BRST  CNK    Score    Error  Units
  1    16  303.030 ± 11.812  ns/op
  1   128  308.158 ± 11.064  ns/op
  1    1K  286.379 ±  6.027  ns/op
  1   16K  282.574 ± 10.886  ns/op
 10    16  554.285 ± 54.468  ns/op
 10   128  407.350 ± 11.227  ns/op
 10    1K  379.716 ±  9.357  ns/op
 10   16K  370.885 ± 12.068  ns/op
100    16 2748.900 ± 64.321  ns/op
100   128 1150.393 ± 26.355  ns/op
100    1K 1005.036 ± 14.491  ns/op
100   16K  979.372 ± 13.369  ns/op

What stands out is:
  • If the chunk is too little to accommodate the burst we see a large increase to cost. Still, comparing this to the SpscLinkedQueue shows a significant benefit.
  • If the chunk is large enough to accommodate the burst and make the most of probing ahead the costs closely resemble the SpscArrayQueue for larger bursts. Yay!

Burst Cost benchmark: summary

We see a pretty much expected result for these queues, which is to say that on the fast path they are the same and therefore if the fast path dominates they show the same costs as a plain SpscArrayQueue, which is good news.
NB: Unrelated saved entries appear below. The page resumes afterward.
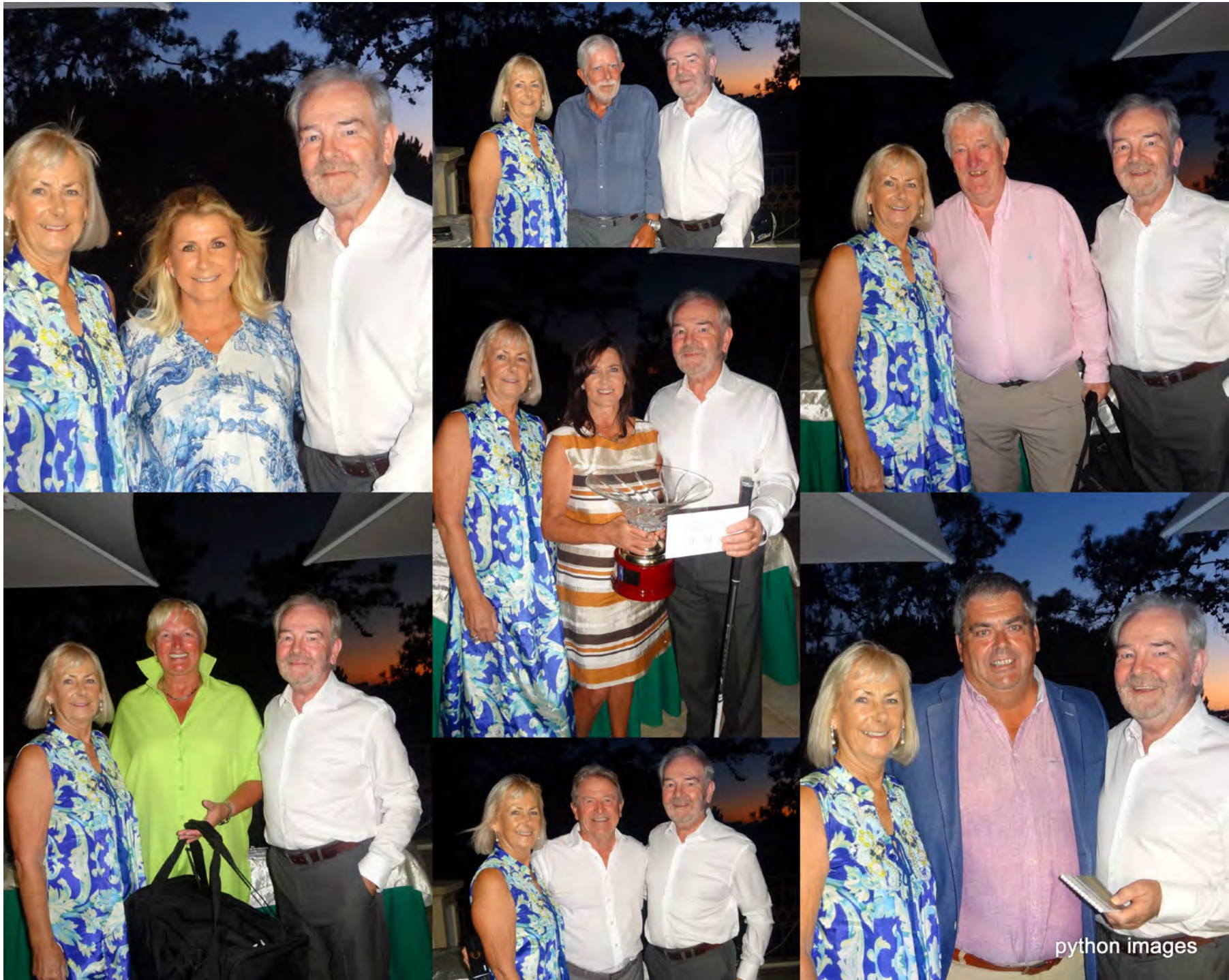
Captain's Day Prize Winners
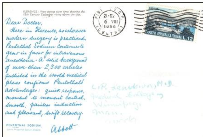
Pentothal reverse, mailed from Florence
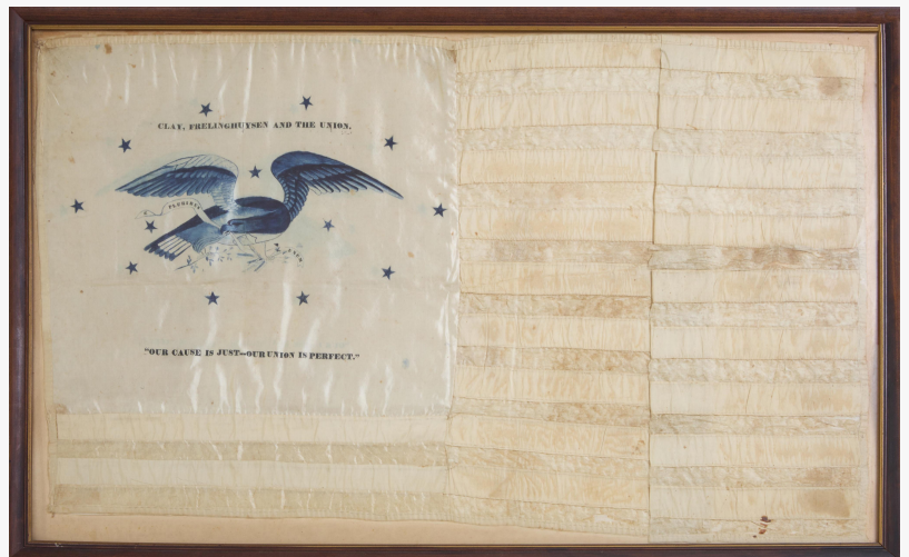
This Henry Clay (1777-1852) presidential campaign flag from 1844 is partially folded and presented behind glass in a wooden frame. It has an estimate of $5,000-$9,000.
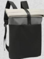
▲ COLOUR: Black

When chunks are too small and we have to allocate new chunks we start to see overheads.
A more subtle observation here is that smaller buffers have some drawbacks as the slow path of the producer code is more likely to be executed. This reflects correctly the empty queue assumption that the JCTools queues rely on, but broken assumptions are... well... broken, so the cost goes up.
A further consideration here for smaller buffer is the hot/cold structure of the code. It is intended that the producer code inlines the "offer" hot path, but as the cold path is rarely run it will fail to inline it. This is an intentional inlining fail. Inlining the cold path will make the "offer" larger and allot more complex, making the compilers job harder and may result in worse resulting code. When we run with burst/buffer sizes which systematically violate the hot/cold assumption we can trigger a bad inlining decision. This can be worked around by marking the cold methods as "dontinline" using the CompileCommand option or the compiler oracle file.

Mmmm... this is boring :(

Yes... Nothing too surprising happened here, I did not emerge from the lab with my coat on fire, these things happen. One anecdote worth sharing here is that I originally run the benchmarks with only 2 threads allocated to the JVM, this resulted in noisier measurement as I effectively under provisioned the JVM with CPUs for compilation/GC or any OS scheduling contention/interrupts. When running on a 2 core laptop this is a reasonable compromise to fix the cross core topology of the benchmark, but on a server class machine it is easy enough to provision the same topology with more CPUs.
Next part will feature the astounding extension of these queues to the MPSC domain and will be far more interesting! I promise.